##### Provided material

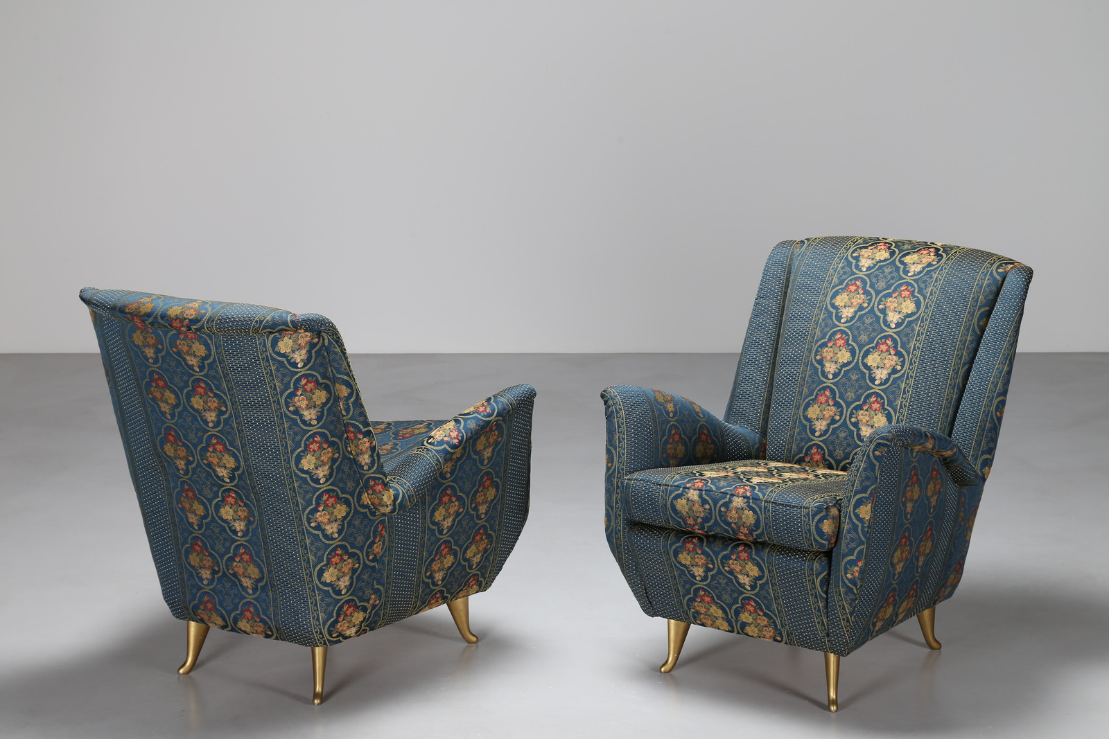 ISA BERGAMO Coppia poltrone in tessuto e piedini in ottone, anni 50. -. Cm 90,00 x 90,00 x 76,00.
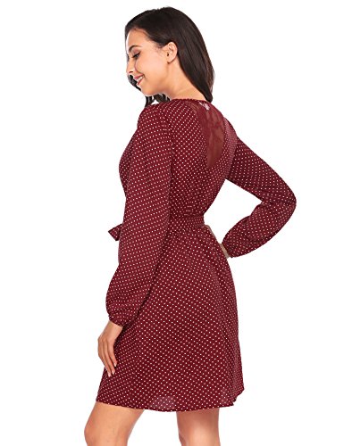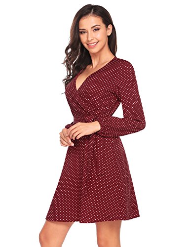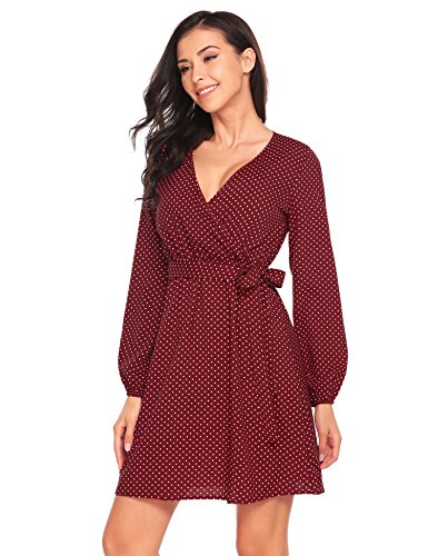 Beyove Women's Rayon Polka Dot Casual V-Neck Long Sleeve A-line Wrap Dress With Belt
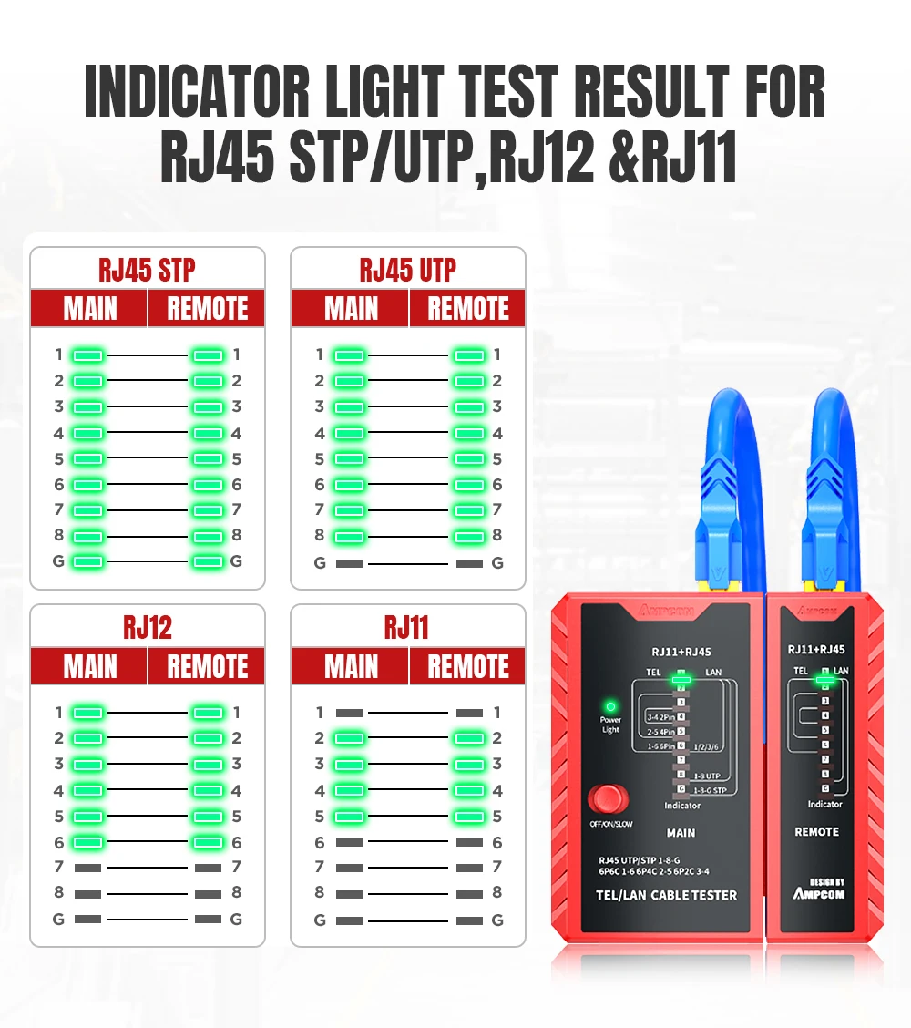 - Features a clear LED display to quickly detect faults like open circuits, shorts, crossed pairs, and disordered wiring, with lights indicating specific issues from 1–8 (UTP) or 1–G (STP).
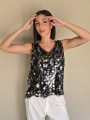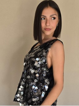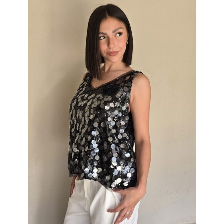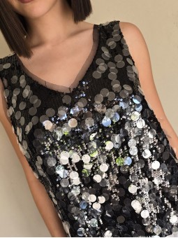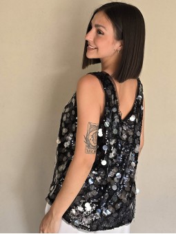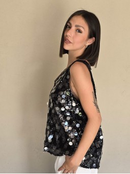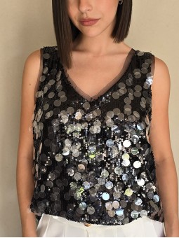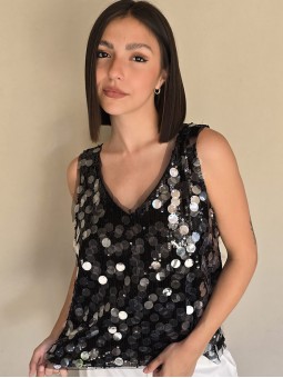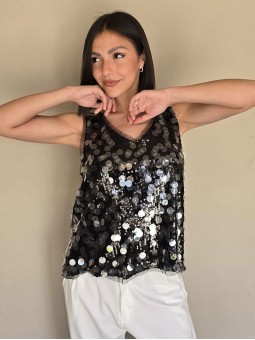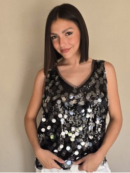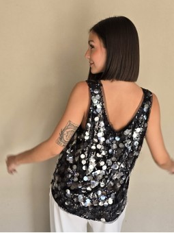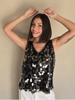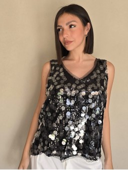 Musculosa importada, cuello v, con lentejuelas bordadas.

##########

● **Your instructions**
Dropping every picture, restate the material word for word.

● **Task result**
 ISA BERGAMO Coppia poltrone in tessuto e piedini in ottone, anni 50. -. Cm 90,00 x 90,00 x 76,00.
 Beyove Women's Rayon Polka Dot Casual V-Neck Long Sleeve A-line Wrap Dress With Belt
 - Features a clear LED display to quickly detect faults like open circuits, shorts, crossed pairs, and disordered wiring, with lights indicating specific issues from 1–8 (UTP) or 1–G (STP).
 Musculosa importada, cuello v, con lentejuelas bordadas.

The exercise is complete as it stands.